The expected response is the complete listing below, restated exactly, with its pictures omitted.

**Available data**
+===+

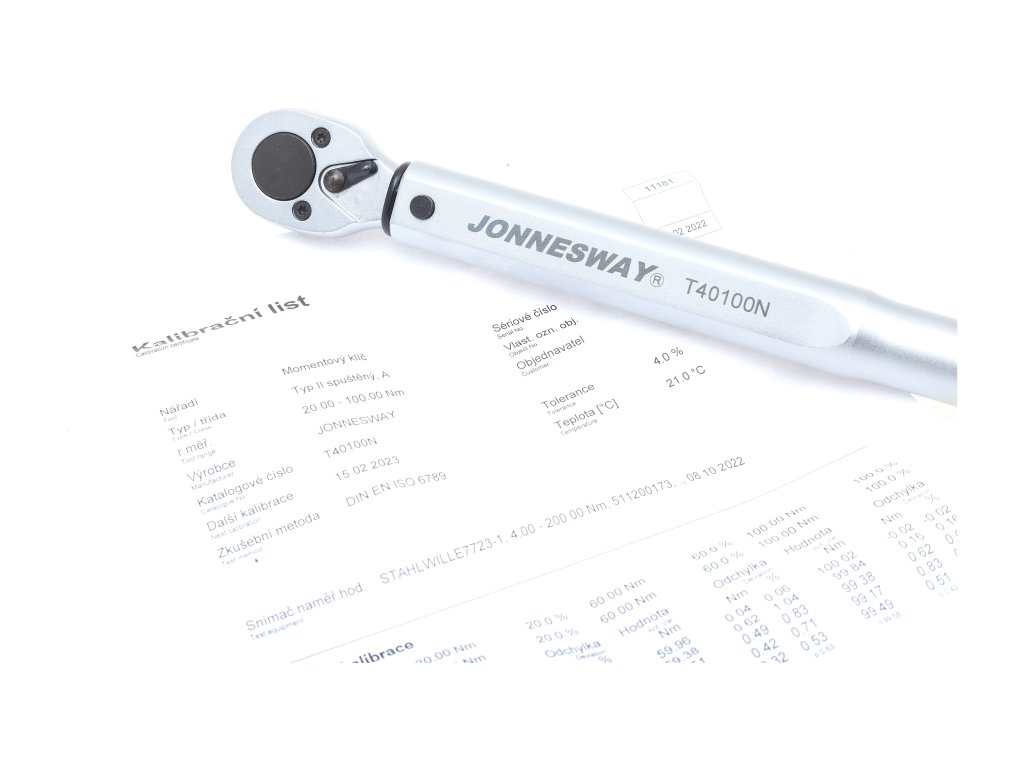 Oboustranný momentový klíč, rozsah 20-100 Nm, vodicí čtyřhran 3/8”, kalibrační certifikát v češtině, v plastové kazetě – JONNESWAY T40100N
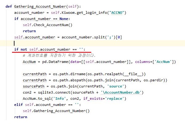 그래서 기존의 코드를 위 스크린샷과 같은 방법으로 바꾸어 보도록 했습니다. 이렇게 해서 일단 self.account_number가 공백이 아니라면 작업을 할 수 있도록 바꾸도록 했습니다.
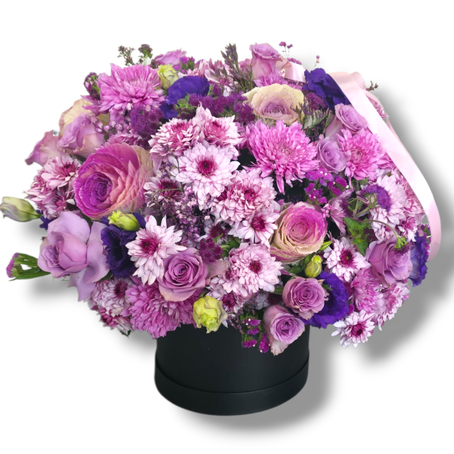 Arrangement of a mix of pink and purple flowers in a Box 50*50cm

+===+

**Answer space**
 Oboustranný momentový klíč, rozsah 20-100 Nm, vodicí čtyřhran 3/8”, kalibrační certifikát v češtině, v plastové kazetě – JONNESWAY T40100N
 그래서 기존의 코드를 위 스크린샷과 같은 방법으로 바꾸어 보도록 했습니다. 이렇게 해서 일단 self.account_number가 공백이 아니라면 작업을 할 수 있도록 바꾸도록 했습니다.
 Arrangement of a mix of pink and purple flowers in a Box 50*50cm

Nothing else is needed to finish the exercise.